Lines from the one with "Camilla Hållbro, affärsområdeschef" to the end of the material, both included: print them exactly and print nothing else. Omit the pictures.

#### [Source material]
+--

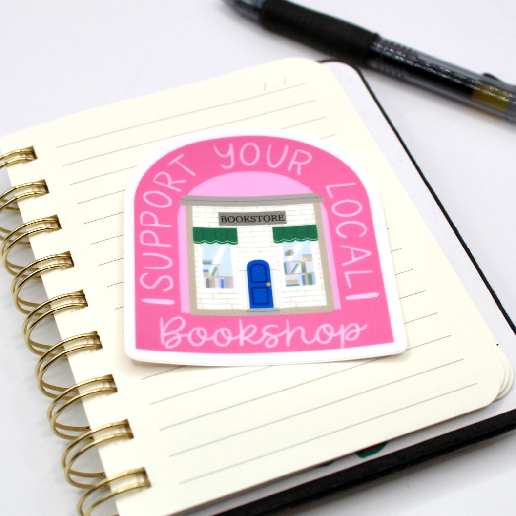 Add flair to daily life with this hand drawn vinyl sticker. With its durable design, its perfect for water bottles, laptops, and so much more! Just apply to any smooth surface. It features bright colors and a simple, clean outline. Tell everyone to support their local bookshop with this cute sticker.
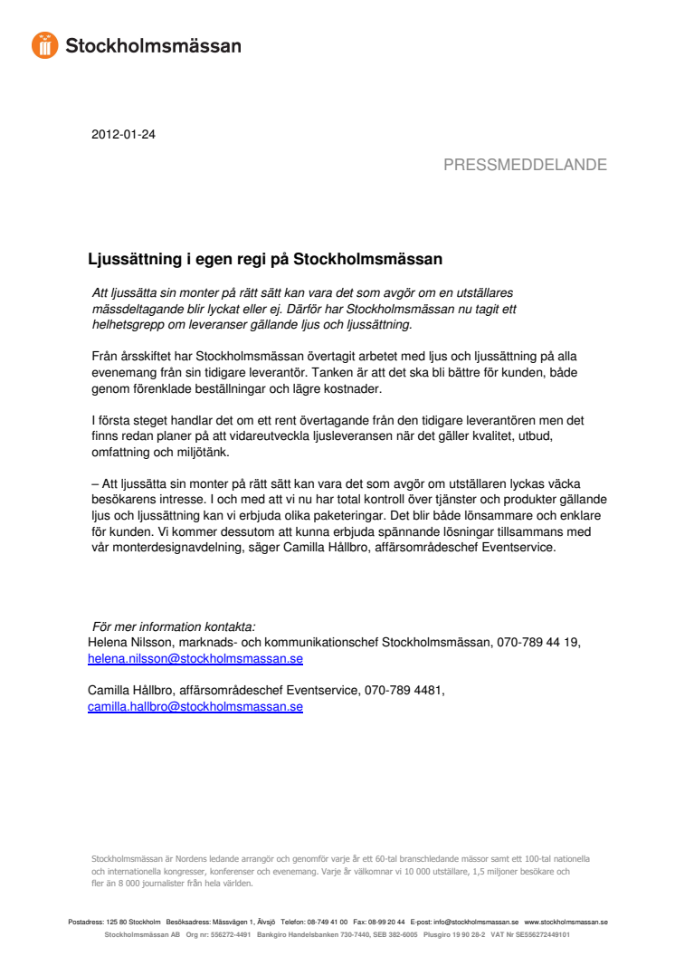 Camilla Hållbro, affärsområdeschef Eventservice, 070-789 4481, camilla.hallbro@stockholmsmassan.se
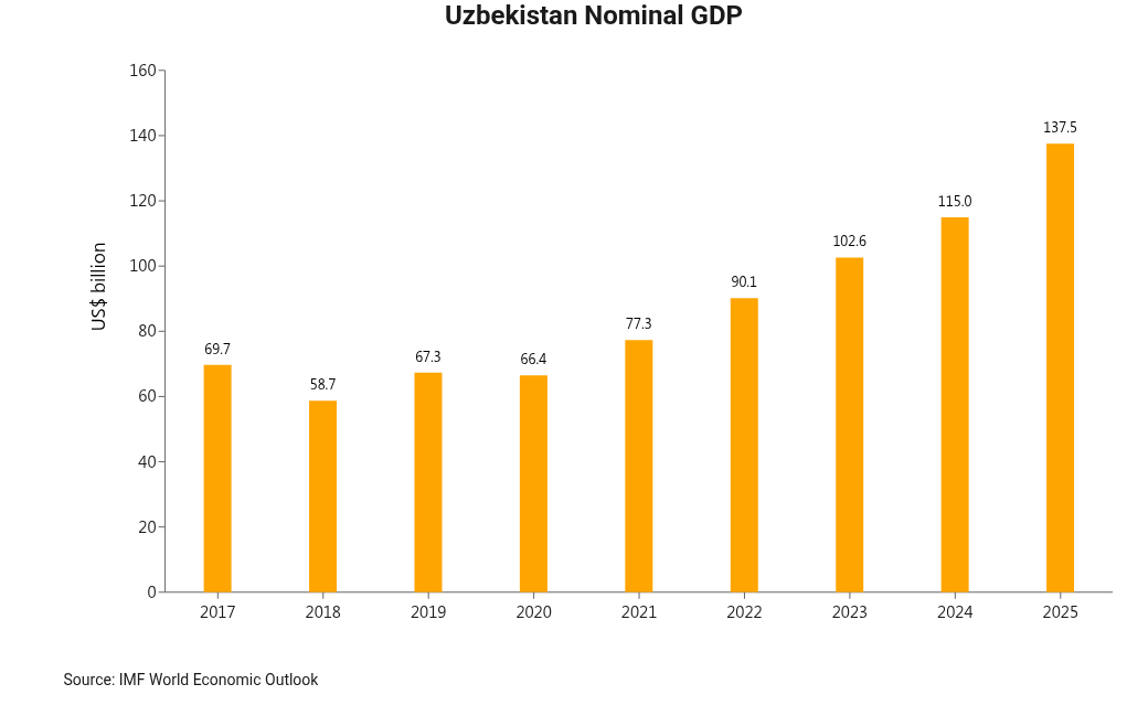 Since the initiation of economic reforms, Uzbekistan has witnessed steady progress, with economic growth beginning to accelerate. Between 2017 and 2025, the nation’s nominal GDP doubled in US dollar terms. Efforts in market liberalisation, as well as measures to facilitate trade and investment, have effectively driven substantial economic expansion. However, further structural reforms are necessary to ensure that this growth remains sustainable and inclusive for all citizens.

+--

#### [Answer section]
 Camilla Hållbro, affärsområdeschef Eventservice, 070-789 4481, camilla.hallbro@stockholmsmassan.se
 Since the initiation of economic reforms, Uzbekistan has witnessed steady progress, with economic growth beginning to accelerate. Between 2017 and 2025, the nation’s nominal GDP doubled in US dollar terms. Efforts in market liberalisation, as well as measures to facilitate trade and investment, have effectively driven substantial economic expansion. However, further structural reforms are necessary to ensure that this growth remains sustainable and inclusive for all citizens.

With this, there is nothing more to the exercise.